I've got some more to say about ONLY MURDERS IN THE BUILDING this week, but I wanted to break in here at the top of the week with a little piece about Marvel's SHANG-CHI AND THE LEGEND OF THE TEN RINGS, which I finally saw over the weekend and liked a ton more than I expected to.
I'm a little burnt out on super hero storytelling, and maybe also the Marvel method of an origin story, which normally involves the main character a) making a big mistake which motivates their drive to be a hero; and b) some family member and/or person with the same power as them being the villain.
Both of these things in fact do prove to be true in SHANG-CHI (sigh), but there's some pretty creative differences in the way the film does the origin story, too. If you're looking for some ideas on how to mix things up in your own work, here's what writers David Callaham, Destin Daniel Cretton and Andrew Lanham came up with.
1) Bury the Lede: The typical super hero origin story literally follows the hero through the whole process of getting their super power and everything that ensues from that.
SHANG-CHI looks like it's going to do the same. When we meet the adult "Shaun" he's just a hapless hotel car attendant. It's all very Spider-Man. But then suddenly after we've got to know him and his friend Katy, he's attacked on a trolley car and reveals to us--and her--that he is this bad ass martial artist.
Basically, the writers know our expectations, and play into them, precisely so they can then surprise us.
2) Disrupt the Story: Another typical move you see in hero movies is some sort of flashback narration about what happened before, how the character got to this point.
And once again, the writers lean right into that expectation so as to mess with us. Shang giving a very serious monologue over flashbacks of him learning to be an assassin and then being sent on his mission.

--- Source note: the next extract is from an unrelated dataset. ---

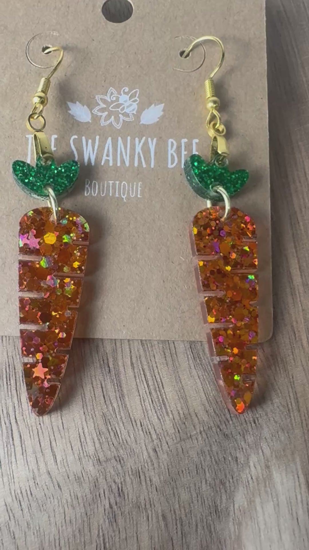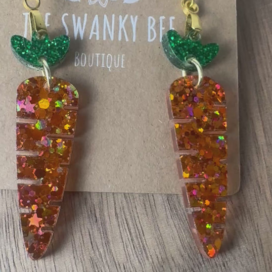 Add a pop of sparkle to your spring style with these adorable glitter carrot dangle earrings! Featuring a vibrant orange glitter carrot and a shimmery green top, these lightweight statement earrings are perfect for Easter outfits, spring festivals, or everyday fun.

But before we can find out what happened, we cut to him and Katy on the plane to Macau and the airline attendant asking their meal order. And it's not a momentary gag. It has three beats actually--the query; finding out the airline doesn't have what they requested; and then the query again. By the time it's over there's just no going back to the story. Which actually ends up delighting us, precisely because it is so unexpected.

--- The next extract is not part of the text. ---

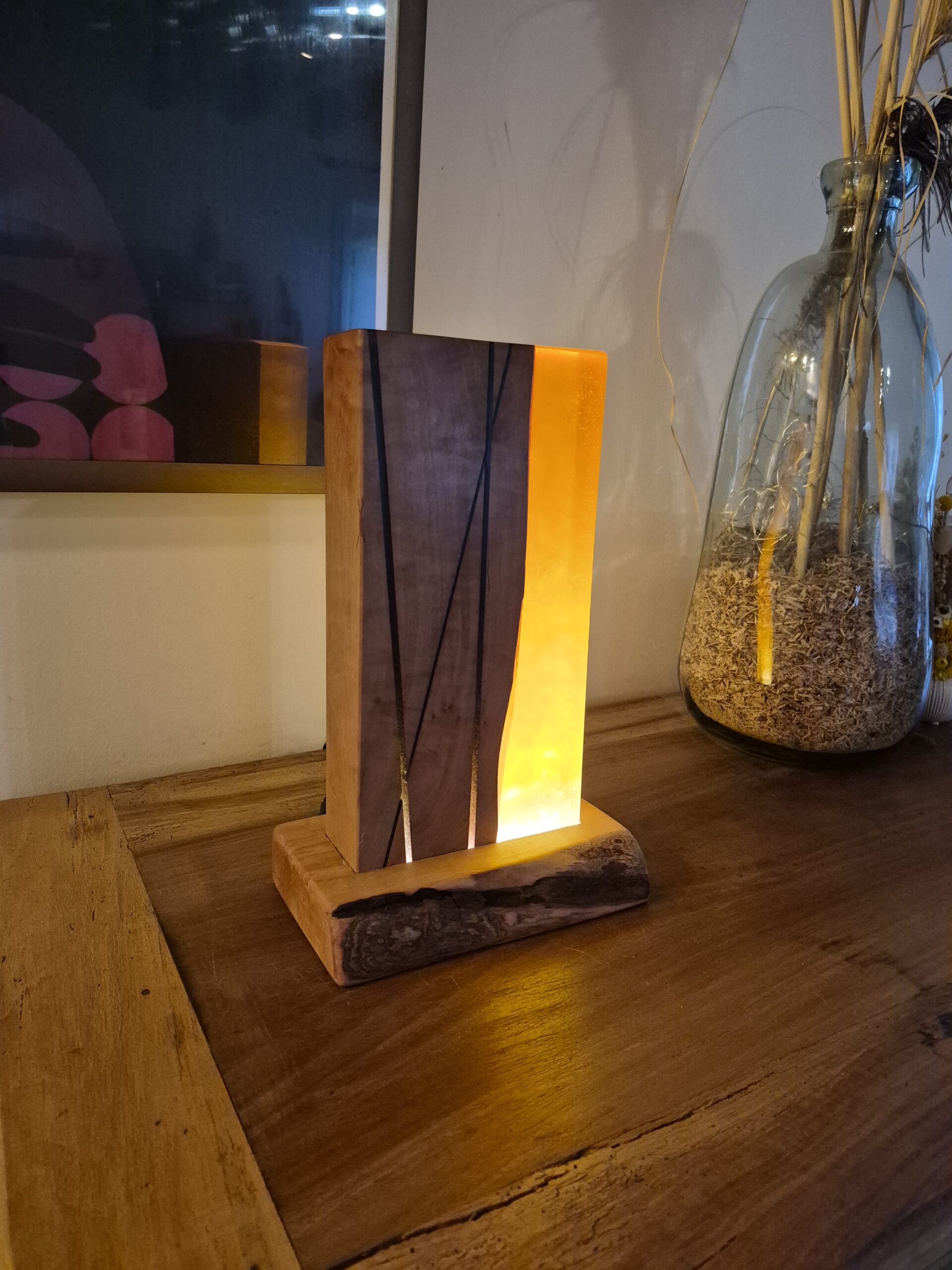 Apportez une ambiance chaleureuse et lumineuse à votre intérieur avec cette lampe artisanale unique, réalisée à partir de bois de poirier et de résine époxy orange aux reflets vibrants. Chaque pièce met en valeur les veinages naturels du bois, sublimés par la transparence colorée de la résine.

3) Vary the Conventions: So again, there are two big conventions in the Marvel origin story: the hero has some reason to redeem himself; and his enemy is a relative or someone with the same powers.
SHANG-CHI has both, but varies them in some interesting ways. It hides that Shang has anything to redeem for a very long time. He actually tells Katy he didn't kill anyone as an assassin, and his training is painted as his father's doing, when in fact he agreed to it (though as a young and traumatized child). It's not until the end of Act Two in fact, that the truth is revealed. Which as the low point of the story, and the moment Shang has to make the decision to step up, is a great place for that kind of reveal anyway.

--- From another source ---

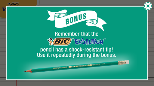Make the ball bounce by drawing platforms with the shock-resistant BIC® EVOLUTION™ pencil and by erasing the obstacles with the eraser. Avoid falling in the sea and increase your score as much as possible in the game's BONUS !

And then on the flip side, while the dad is presented early as a straight up villain, Act Two then keeps turning over cards that humanize him further and further. First we find out he thinks their mother is still alive somewhere, and that's the motive for him stealing their pendants and them. And that could be enough, really, to make him more than the standard bad guy. Certainly you walk away from the first half of Act Two thinking you've been told all there is to know.
But then we get the reveal that his dad loved his mom and them so much he actually gave up being a supernatural crime lord, after 1000 years of doing it. And it was only the murder of his wife that set him back on that path.
So where the beginning suggests we're in GODFATHER territory, basically, the bad family coming to take back their son, the story keeps flipping over cards to say actually no, this father figure is much more interesting. He's a guy who found his way to a kind of redemption and then lost it.
As Marvel has honed its storytelling this kind of approach to a villain has become more the norm. Think: Thanos or Vulture. But even so, SHANG-CHI represents innovation in that it only shows us Shang's dad's goodness gradually.